KnowledgeCore only supports Python 3

Prerequisite

rdlib >= 6.0.0:

$ pip install rdflib

For reasoning (optional):

$ pip install reasonable

Installation

From pypi:

$ pip install knowledge_core

From source:

$ git clone https://github.com/severin-lemaignan/knowledge_core.git
$ cd knowledge_core
$ python setup.py install
$ knowledge_core

Documentation

You can use KnowledgeCore either as a server, accessible from multiple applications (clients), or in embedded mode (which does not require to start a server process, but is limited to one single client). Note that the embedded mode is only available for Python applications.

In both case, and if your application is written in Python, it is highly recommended to use pykb to interact the knowledge base.

Server mode

To start the knowledge base as a server, simply type:

$ knowledge_core

(run knowledge_core --help for available options)

Then:

import kb

with kb.KB() as kb:
    #...

See usage examples on the pykb page, or in the KnowledgeCore unit-tests.

Embedded mode

No need to start KnowledgeCore. Simply use the following code to start using the knowledge base in your code:

import kb

with kb.KB(embedded=True) as kb:
    #...

Interacting with KnowledgeCore from other languages

  • from C++: check liboro

  • from any other language: the communication with the server relies on a simply socket-based text protocol. Feel free to get in touch if you need help to add support for your favourite language!

ROS usage

To start:

rosrun knowledge_core knowledge_core

Then, knowledge_core exposes two topics, /kb/add_facts and /kb/remove_facts, to add/remove triples to the knowledge base. Both topics expect a simple string with 3 tokens separated by spaces (if the object is a literal string, use double quotes to escape it).

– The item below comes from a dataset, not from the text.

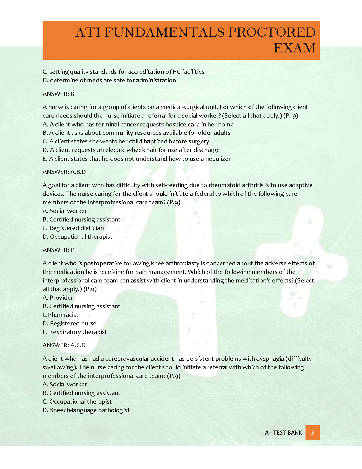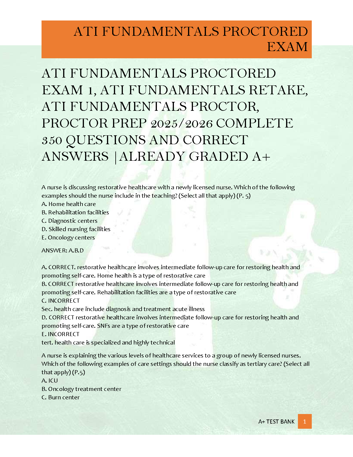 Ace your ATI Fundamentals Proctored Exam for the 2025/2026 academic year with this comprehensive test bank, meticulously developed by ATI Nursing Education. This invaluable resource features over 350 expertly graded questions, complete with detailed correct answers and explanations. Designed specifically for optimal proctor prep, it provides essential practice to ensure you pass your exam on the first attempt, achieve a top grade, and confidently avoid costly resits. Ideal for both initial study and retake preparation, master core nursing fundamentals and elevate your nursing knowledge with this A+ rated study companion.

It also exposes the following services:

  • /kb/revise to add/remove facts using a synchronous interface

  • /kb/query to perform simple queries

  • /kb/sparql to perform complex queries (full SPARQL end-point)

  • /kb/events to subscribe to ‘events’ by providing a (set of) partially-bound triples. Calling the service returns an event id. Subscribe then to /kb/events/<id> to be notified everytime a new instance/class match the provided pattern

  • /kb/manage to manage the knowledge base (including eg clearing all the facts)

Features

Server-Client or embedded

KnowledgeCore can be run as a stand-alone (socket) server, or directly embedded in Python applications.

Multi-models

KnowledgeCore is intended for dynamic environments, with possibly several contexts/agents requiring separate knowledge models.

New models can be created at any time and each operation (like knowledge addition/retractation/query) can operate on a specific subset of models.

Each models are also independently classified by the reasoner.

Event system

KnowledgeCore provides a mechanism to subscribe to some conditions (like: an instance of a given type is added to the knowledge base, some statement becomes true, etc.) and get notified back.

Reasoning

KnowledgeCore provides RDFS/OWL reasoning capabilities via the reasonable reasoner.

See reasonable README for the exact level of support of the different OWL2 RL rules.

Transient knowledge

KnowledgeCore allows to attach ‘lifespans’ to statements: after a given duration, they are automatically collected.

[this functionality is currently disabled. Please open an issue of you need it urgently]

Ontology walking

KnowledgeCore exposes several methods to explore the different ontological models of the knowledge base. It is compatible with the visualization tool oro-view.